由此可见，在开发或运行系统时，日志至关重要，因此，设计和实施完善的日志系统有助于简化监控工作。

本文将分享我在设计和构建日志系统方面的经验和理解。希望通过这篇文章，你能：

了解在操作系统中记录日志的重要性。
可以作为实施日志系统时的参考。

一、日志策略

下面列出了我们在实施日志系统之前应该问自己的问题。

Why（为什么）：日志记录的目的是什么？
Who（谁）：哪个模块将生成日志？
When（何时）：何时输出日志？
Where（哪里）：在哪里输出日志（发送到 Slack 或 BigQuery 等）
What（什么）：日志能提供什么信息？
How（如何）：如何输出日志？

二、日志级别

了解日志的目的后，应该对日志进行分级

Log level	Concept	How to handle	Example
FATAL	This Level hinder the operating of the system	Have to fix immediately	Can not connect to the DB
ERROR	Unexpected errors occur	Should be fixed as soon as you can	Can not send the email
WARN	Not an error, but are some problems like unexpected input or unexpected executing unexpected input or unexpected executing	Should be refactored regularly	Regularly delete data API
INFO	Notification when starting or ending an executing or a transaction.	Maybe outputting another needed information	Do not need to fix Output the body of the request or response
DEBUG	The information that relating to system status	Do not output in the production environment	Can be put inside a function
TRACE	Information that is more detailed than DEBUG	Do not output in the production environment

三、案例

定义日志级别后，必须明确要输出的日志类型。

本节将针对每种日志类型回答以下六个问题。

Why（为什么）
Who（谁）
When（何时）
Where（哪里）
What（什么）
How（如何）

1. 系统日志（System Log）

(1) Why：当系统出现错误时，系统日志将用于调试。

(2) Who：系统本身将输出日志。

(3) When：出错时输出日志。

(4) Where:

FATAL / ERROR：通知开发人员立即处理。
WARN / INFO：在系统或日志管理工具中输出。
DEBUG / TRACE：输出到预发环境中的 console.log。

(5) What:

FATAL / ERROR：堆栈跟踪。
WARN / INFO / DEBUG/ TRACE：要通知的内容。

(6) How:

FATAL / ERROR：通过日志管理工具或 Slack、SMS......（推模式）输出。
WARN / INFO / DEBUG / TRACE：通过日志管理工具或系统内部输出（拉模式）。

2. 访问日志（Access Log）

Why: 输出日志以跟踪发送和接收请求的过程。
Who: 系统本身或基础设施。
When: 在发送或接收请求时输出。
Where: 在 INFO 级别和拉模式中。
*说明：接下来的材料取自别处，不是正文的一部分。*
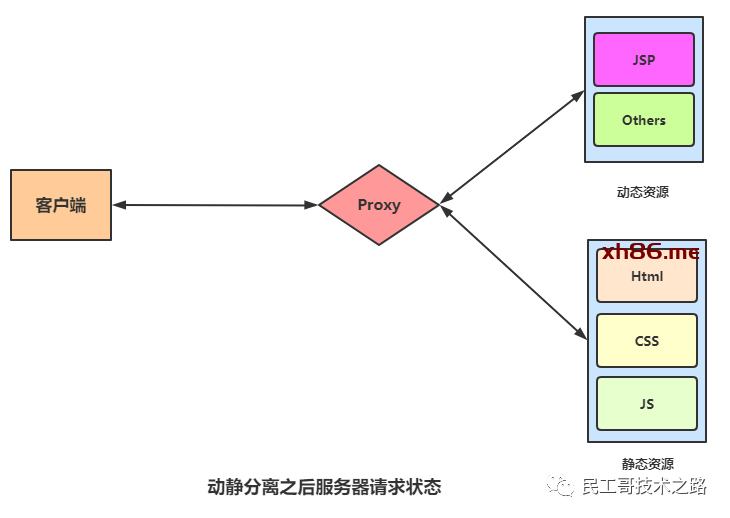 为了加快网站的解析速度,可以把动态页面和静态页面交给不同的服务器来解析,加快解析的速度,降低由单个服务器的压力。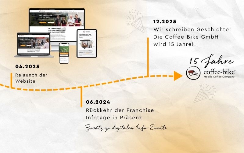 Von der ersten Idee bis zum erfolgreichen Franchisesystem. Wir haben unser Unternehmen und das Coffee-Bike selbst in den letzten 15 Jahren stetig weiterentwickelt. Was als Urlaubsidee begann, steht heute für ein starkes Partnernetzwerk, ein innovatives Produkt und fundierte Markterfahrung. Wir werfen einen Blick auf die Anfänge, die wichtigsten Meilensteine und die Lektionen, die uns auf unserem Weg geprägt haben.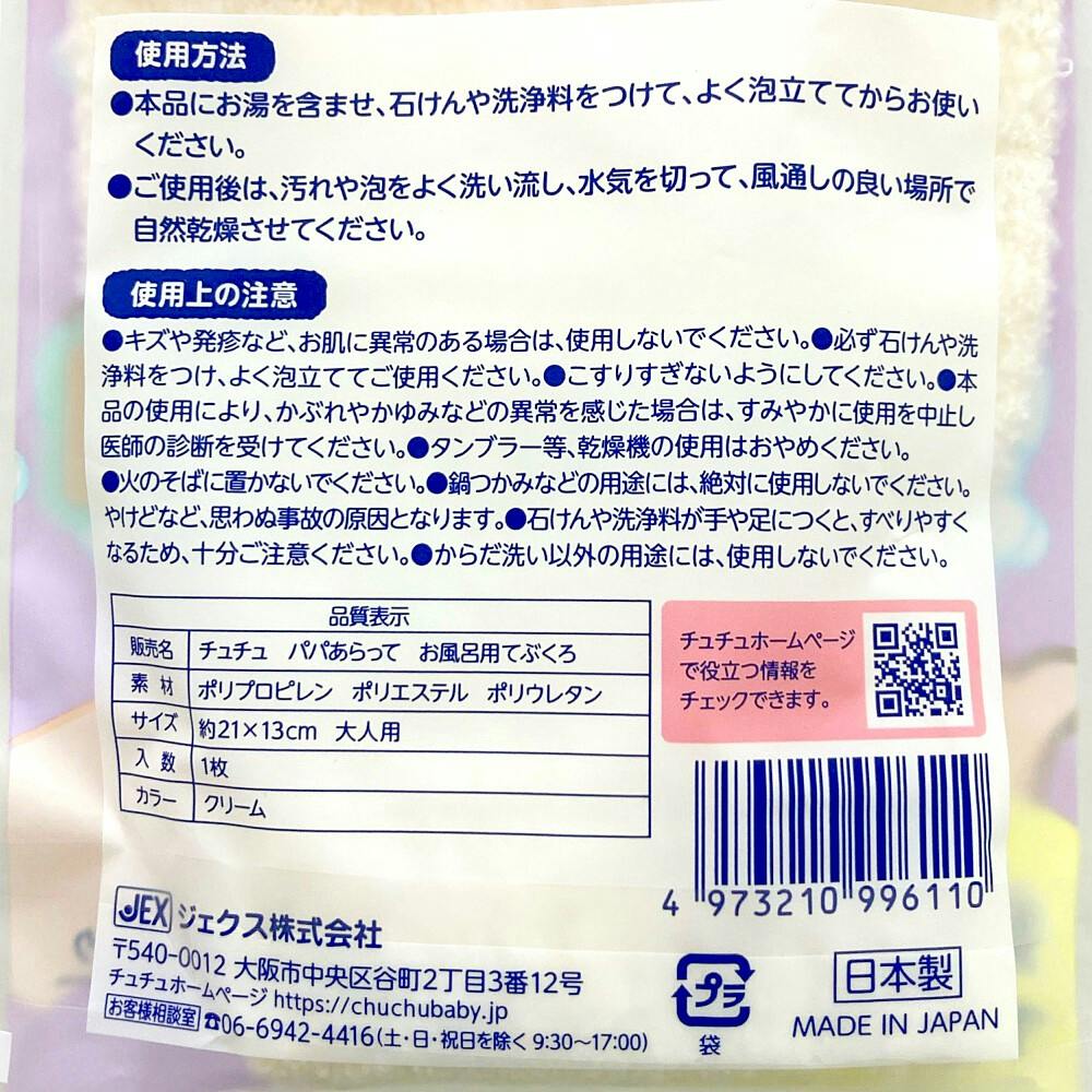 ●本品にお湯を含ませ、石けんや洗浄料をつけて、よく泡立ててからお使いください ●ご使用後は、汚れや泡をよく洗い流し、水気を切って、風通しの良い場所で 自然乾燥させてください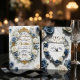 Invite your guests to a "happily ever after" event with this enchanting design that captures the magic of true love. Featuring graceful swans and lush floral details, this aesthetic perfectly sets the tone for a formal spring ceremony or a sophisticated winter celebration. The romantic imagery serves as a beautiful keepsake for friends and family long after the big day.A digital illustration featuring a faux gold baroque oval frame centered on a clean white marble background. Two white swans face each other at the bottom, creating a subtle heart shape with their curved necks. A lush wreath of watercolor dusty blue and white roses, accented with sage and eucalyptus greenery, surrounds the metallic-effect frame. Inside the oval, a black silhouette depicts a groom kneeling to propose to a bride, flanked by customizable monogram initials in circles. The event details are typeset in a mix of deep navy blue serif fonts and elegant gold-tone calligraphy script. Please note that all gold and marble textures are flat printed ink, not real foil or stone.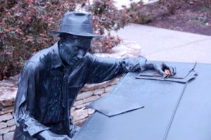 Tags: brim, bronze, cool, flower, hat, Hoagy Carmichael, Indiana University, statue, sunglasses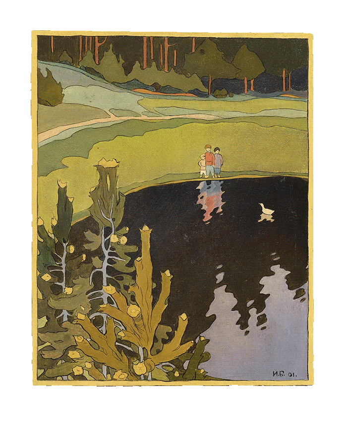 «Хозяин да хозяюшка, пустите переночевать да ночь переспать». Вот пришел. А ночью в лесу все зашумело, деревья-то до земли кланятся. Леший это. А из-за печки голос: «Тише-тише, человек здесь». Это хозяюшка. И ребенок плачет. Это у нее ребеночек родился. И стихло все.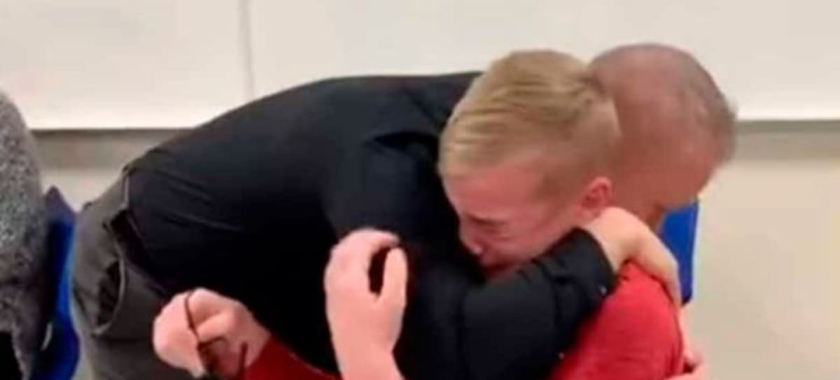 Jonathan se pone las gafas y se conmovió hasta las lagrimas al poder apreciar, al ser cuestionado sobre qué opinaba solo levantó los pulgares en señal de "ok", ante esto el profesor solo le dio un gran abrazo.
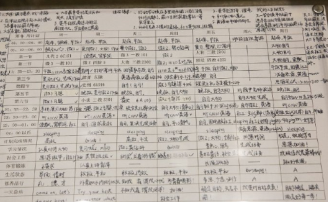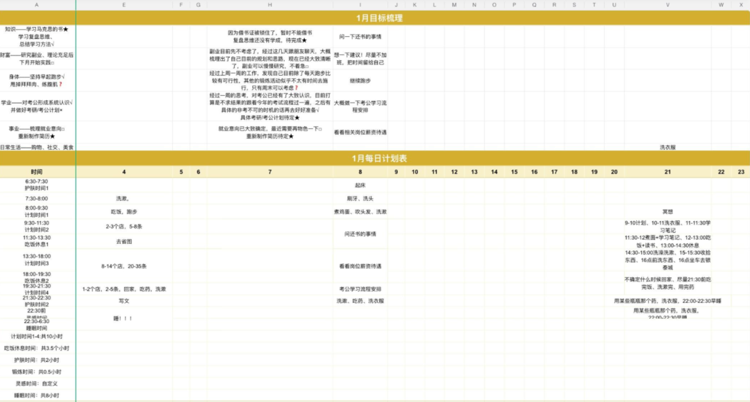 詳細一點也有啊,設定月目標,分到每一天,還有有點時間管理意識的小萌芽,每天 24 個小時,吃飯休息佔多少小時,鍛鍊多少小時,睡覺多少小時,努力了多少小時。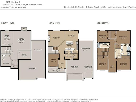 Highlights include a Spacious 4 BAY GARAGE (1010 sq.ft.) located on a Corner Walkout Homesite! Front elevation features a Concrete Front Porch & Stone Accents. The Bayfield floor plan offers a modern styled thoughtfully crafted open-concept design. Main level boasts a Great Room with Fireplace, Flex Room, Decorative Stair Rails, Expansive Kitchen with walk-in pantry & spacious center island, Mudroom, Half Bath, and 9' Ceilings. Upper Level features 4 Bedrooms, 2 Bathrooms, Versatile Loft, & Laundry Room. Primary Suite offers Two Walk-In Closets & Private Deluxe Bath including Soaking Tub, Separate Shower with Tile Surround, Double Sink Vanity, and Linen Closet. Spacious Walkout Lower Level ready for future finish including future family room, 5th bedroom, 4th bathroom, & flex/storage room. Rendering & may not depict actual plan, materials, & finishes may vary. All measurements are approximate.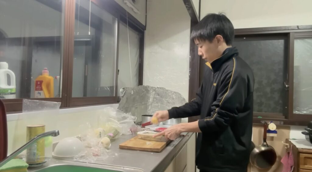 麺を茹でるのを忘れていたことに気づき、急いでお湯を沸かします。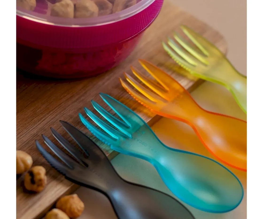 El multi cubierto CUTElery de la marca Carl Oscar es compacto y cómodo de usar para niños y adultos. Con diseño 3 en 1 de cuchara, tenedor y cuchillo, es perfecto para llevar en la fiambrera, bolso o mochila de excursión.
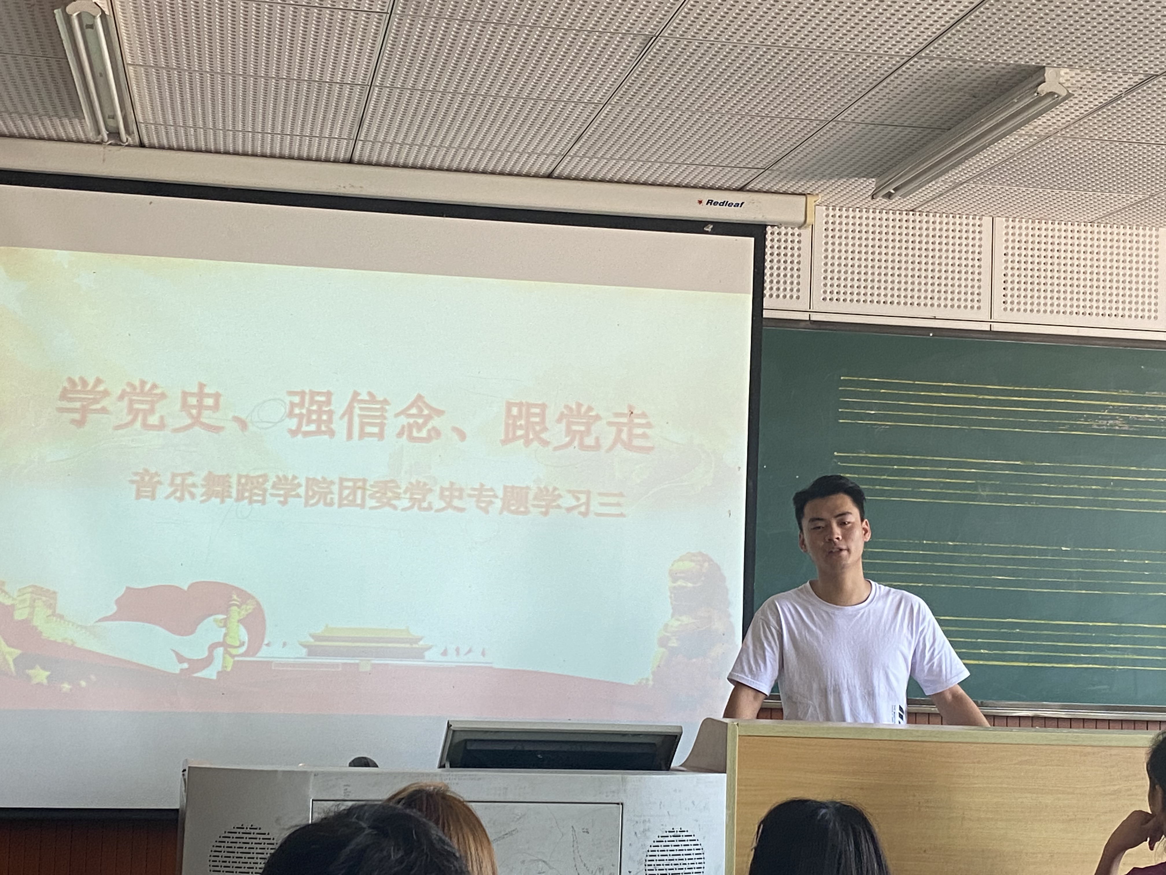 会议开始,由江远强带领大家进行对“学党史,强信念,跟党走”的学习,让我们深刻学习到党史就是要我们始终牢记党的理想信念,学习党史国史是对精神力量的传承。100年的党史,71年的新中国史是一部精神上的史诗。无数英雄先烈为了民族独立、人民解放抛头颅、洒热血的革命大无畏精神。如钱学森、邓稼先这样的科学家亦是这样。通过江远强讲述,团员们更加明确了自己的身份,身为青年一代肩上应担着的责任。
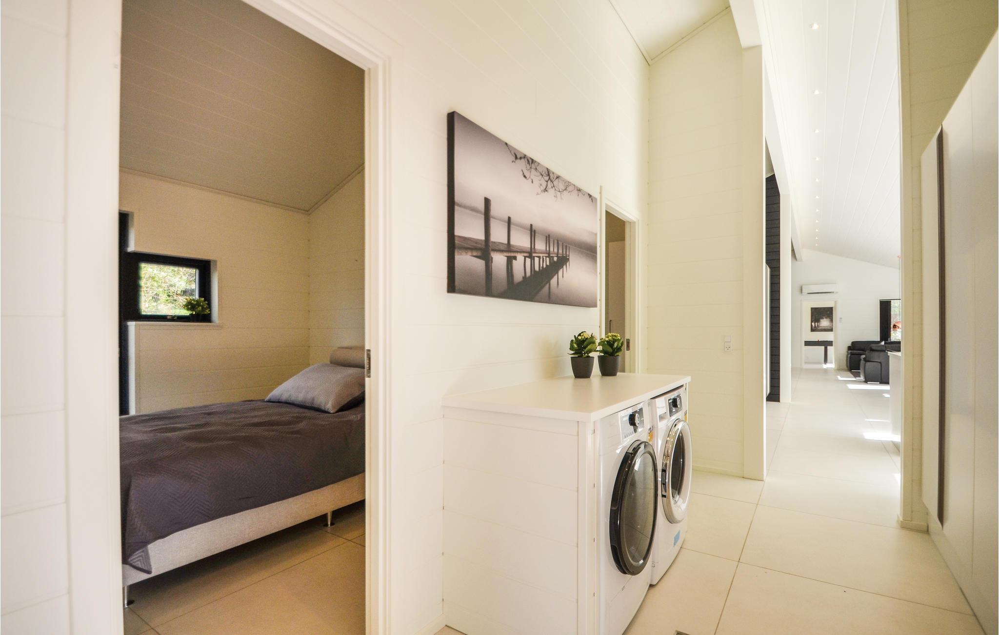 Huset er moderne i sin arkitektur, indretning og udstyr. Det er indrettet med fem gode soveværelser - alle med dør ud til terrasseområdet. Hertil kommer en stor hems, så der samlet er gode sovemuligheder for op til 12 personer. De tre badeværelser er stilfuldt indrettet og indeholder både et topersoners spabad og sauna.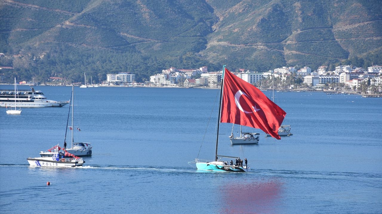 Konuşmanın ardından Türk bayrağı ve Atatürk posterleriyle donatılmış yelkenli yatlar ile Sahil Güvenlik ve Emniyet Müdürlüğü botları siren çalarak körfezde geçiş yaptı.
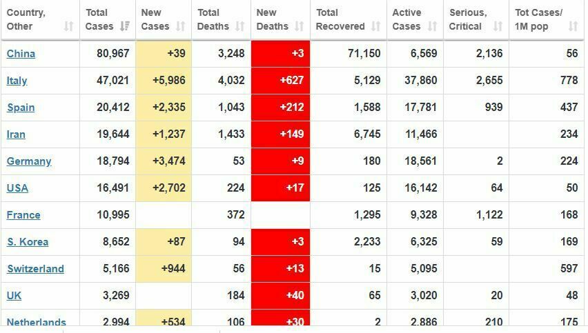 विश्व स्वास्थ्य संगठनका अनुसार स्पेनमा पनि भाइरसबाट एकै दिन २१२ जनाको मृत्यु भएको छ भने इरानमा १४९ जनाको मृत्यु भएको छ । स्पेन र इरानमा मृतको संख्या क्रमशः १ हजार ४३ र १४ सय ३३ पुगेको छ ।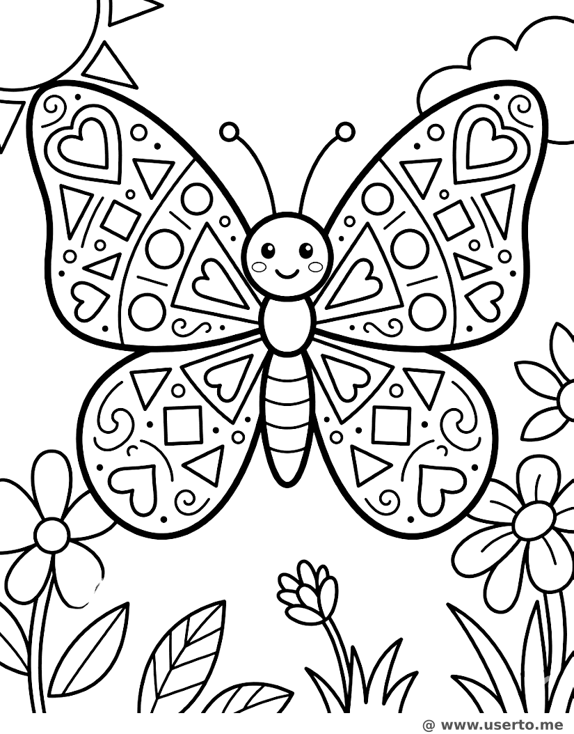 A butterfly with wings featuring symmetrical geometric shapes and heart patterns.
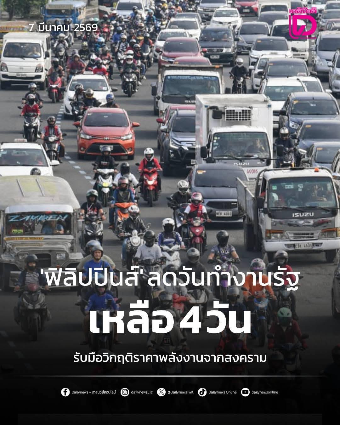 ผู้นำฟิลิปปินส์สั่งปรับระบบทำงานหน่วยงานรัฐทั่วประเทศ เหลือสัปดาห์ละ 4 วัน พร้อมมาตรการประหยัดพลังงานและลดกิจกรรมที่ไม่จำเป็น หลังการปิดช่องแคบฮอร์มุซจากสงครามสหรัฐ–อิหร่าน ดันราคาน้ำมันโลกพุ่ง เสี่ยงกระทบเศรษฐกิจของปรเทศ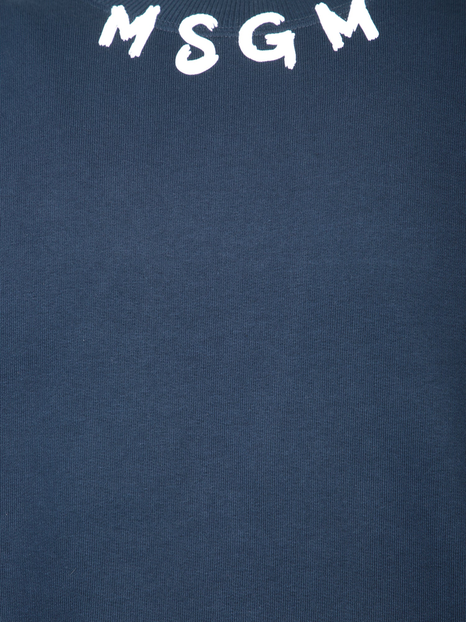 Long sleeve jersey sweatshirt. Ribbed neck, cuffs, and hem. Decorative MSGM logo on the neckline.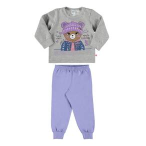 Conjunto Moletom Bebê Marlan Ursinha Mescla/Lilás
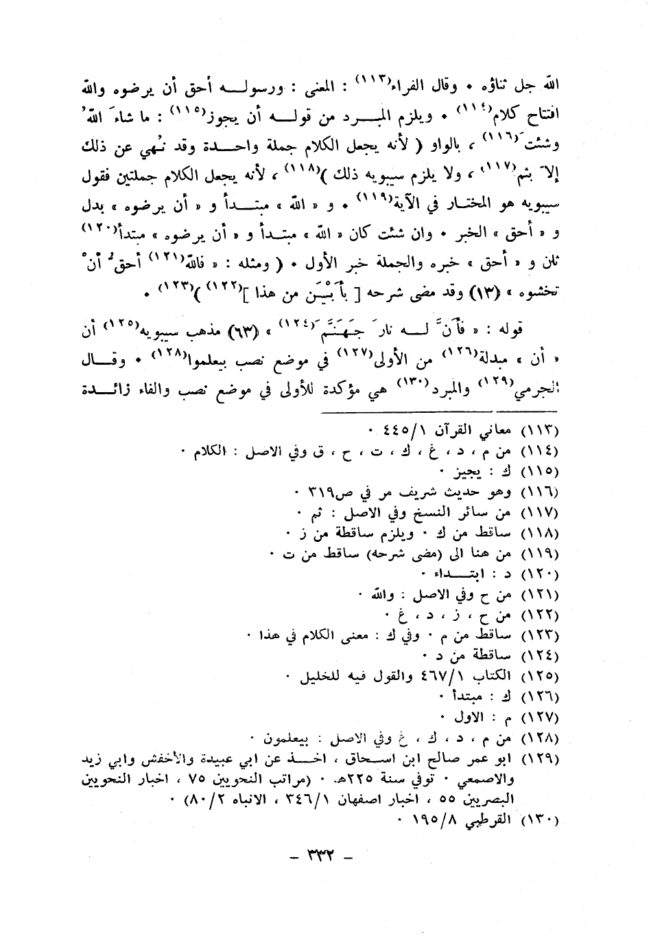 الله جلّ ثَنَاؤُهُ وَقَالَ الْفراء الْمَعْنى وَرَسُوله أَحَق أَن يرضوه وَالله افْتِتَاح كَلَام وَيلْزم الْمبرد من قَوْله أَن يجوز مَا شَاءَ الله وشئت بِالْوَاو لِأَنَّهُ يَجْعَل الْكَلَام جملَة وَاحِدَة وَقد نهي عَن ذَلِك إِلَّا بثم وَلَا يلْزم سِيبَوَيْهٍ ذَلِك لِأَنَّهُ يَجْعَل الْكَلَام جملتين فَقَوْل سِيبَوَيْهٍ هُوَ الْمُخْتَار فِي الْآيَة وَالله مُبْتَدأ وَأَن يرضوه بدل وأحق الْخَبَر وان شِئْت كَانَ الله مُبْتَدأ وان يرضوه مُبْتَدأ ثَان وأحق خَبره وَالْجُمْلَة خبر الأول وَمثله فَالله أَحَق أَن تخشوه وَقد مضى شَرحه بأبين من هَذَا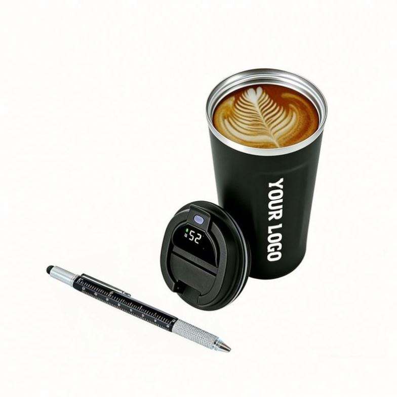 Gobelet isotherme en acier inoxydable avec couvercle, affichage intelligent de la température, logo personnalisé, cadeau promotionnel pour entreprise, voyage, bureau, café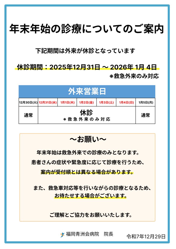当院では、年末年始期間中の外来診療について、下記のとおりご案内いたします。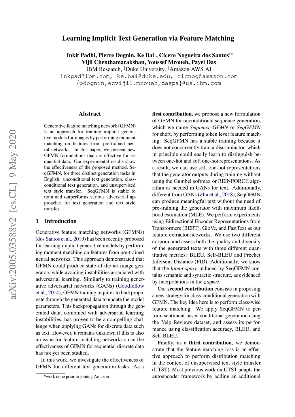 Learning Implicit Text Generation via Feature Matching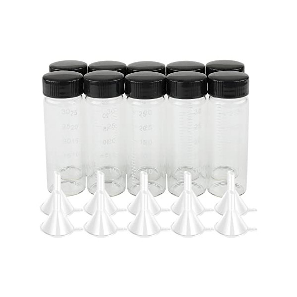 Kesell 10 Pack 30ml (1 oz) Glass Sample Vial Clear Graduated Measuring Bottles Empty Reusable Liquid Vials with Plastic Screw Cap and 10 Funnels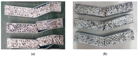Figure 6 shows the fracture morphology of two types of AFS samples after the peel strength test. For the metallurgical joining AFS, the main destroyed part was not the hot-dip coating but the Al foam core, as shown in Figure 6b. That means the strength of the joint is higher than the Al-foam core. In contrast, for the adhesive ones, the glue film and the sheets were nearly completely detached, which means the strength of the joint is lower than the film itself and the AF core. It may result from the defects made during the heat press process in the adhesive area.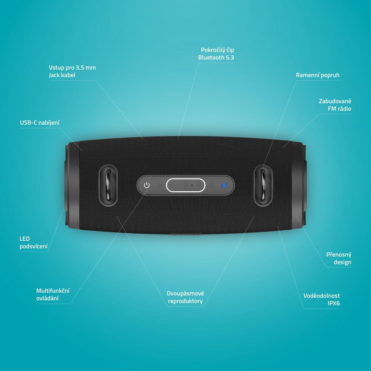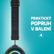 Minimalistický, ale moderní a vychytaný design repráku s LED podsvícením upoutá na první pohled a je škoda schovávat ho doma. Přidali jsme proto ergonomický popruh pro snadný přenášení, ať si svýho parťáka můžeš brát kamkoliv s sebou. Když zmoknete, nic se neděje, voděodolnost IPX6 má vodu pod kontrolou. A pokud by tě trápilo, že budeš muset studovat návod, tak klídek, tady je ovládání tak snadný a intuitivní, že ho zvládne i děcko.

由于日志量可能很大，必须注意查找日志的速度。
What: 输出谁、如何、何时进入系统。
How: 根据目的不同，可能会有一些差异。

3. 操作日志（Action Log）

Why: 分析用户操作，从而在此基础上改进服务。
Who: 系统本身或外部工具。
When: 某些操作发生时。
Where: 日志分析工具（BigQuery 等）。
What: 取决于目的。
How: 根据目的不同，可能会有一些差异。

4. 认证日志（Auth Log）

Why: 跟踪用户验证的输出。
Who: 系统本身。
When: 验证用户。
Where: 在 INFO 级别和拉模式中。
What: 输出认证的时间、用户、方式。
How: 根据认证方法不同，可能会有一些差异。

四、示例

概念就介绍到这里，下面来看一个示例项目。

有关代码的更多详情，请参阅Github[2]。

1. 选择日志库

我选择 log4js[3] 库，原因很简单，因为 log4js 构建日志级别的方式与我的想法一致。

2. 实施

步骤 1 - 定义日志类

首先定义日志类：

class Logger {
  public default: log4js.Logger;
  public system: log4js.Logger;
  public api: log4js.Logger;
  public access_req: log4js.Logger;
  public access_res: log4js.Logger;
  public sql: log4js.Logger;
  public auth: log4js.Logger;

  public fatal: log4js.Logger;
  public error: log4js.Logger;
  public warn: log4js.Logger;
  public info: log4js.Logger;
  public debug: log4js.Logger;
  public trace: log4js.Logger;

constructor() {
    log4js.configure(loggerConfig);

    this.system = log4js.getLogger('system');
    this.api = log4js.getLogger('api');
    this.access_req = log4js.getLogger('access_req');
    this.access_res = log4js.getLogger('access_res');
    this.sql = log4js.getLogger('sql');
    this.auth = log4js.getLogger('auth');

    this.fatal = log4js.getLogger('fatal');
    this.fatal.level = log4js.levels.FATAL;

    this.error = log4js.getLogger('error');
    this.error.level = log4js.levels.ERROR;

    this.warn = log4js.getLogger('warn');
    this.warn.level = log4js.levels.WARN;

    this.info = log4js.getLogger('info');
    this.info.level = log4js.levels.INFO;

    this.debug = log4js.getLogger('debug');
    this.debug.level = log4js.levels.DEBUG;

    this.trace = log4js.getLogger('trace');
    this.trace.level = log4js.levels.TRACE;
  }
}

在 Logger 类中定义了日志级别：

fatal
error
warn
info
debug
trace

基于此，我又定义了日志类型：

system
api
access_req
access_res
sql
auth

第 2 步 - 将 Logger 应用到项目中

将 Logger 类应用到由 NestJS[4] 框架实现的项目中。

通过 NestJS 的 Interceptor（拦截器[5]）功能，将日志类注入到项目中。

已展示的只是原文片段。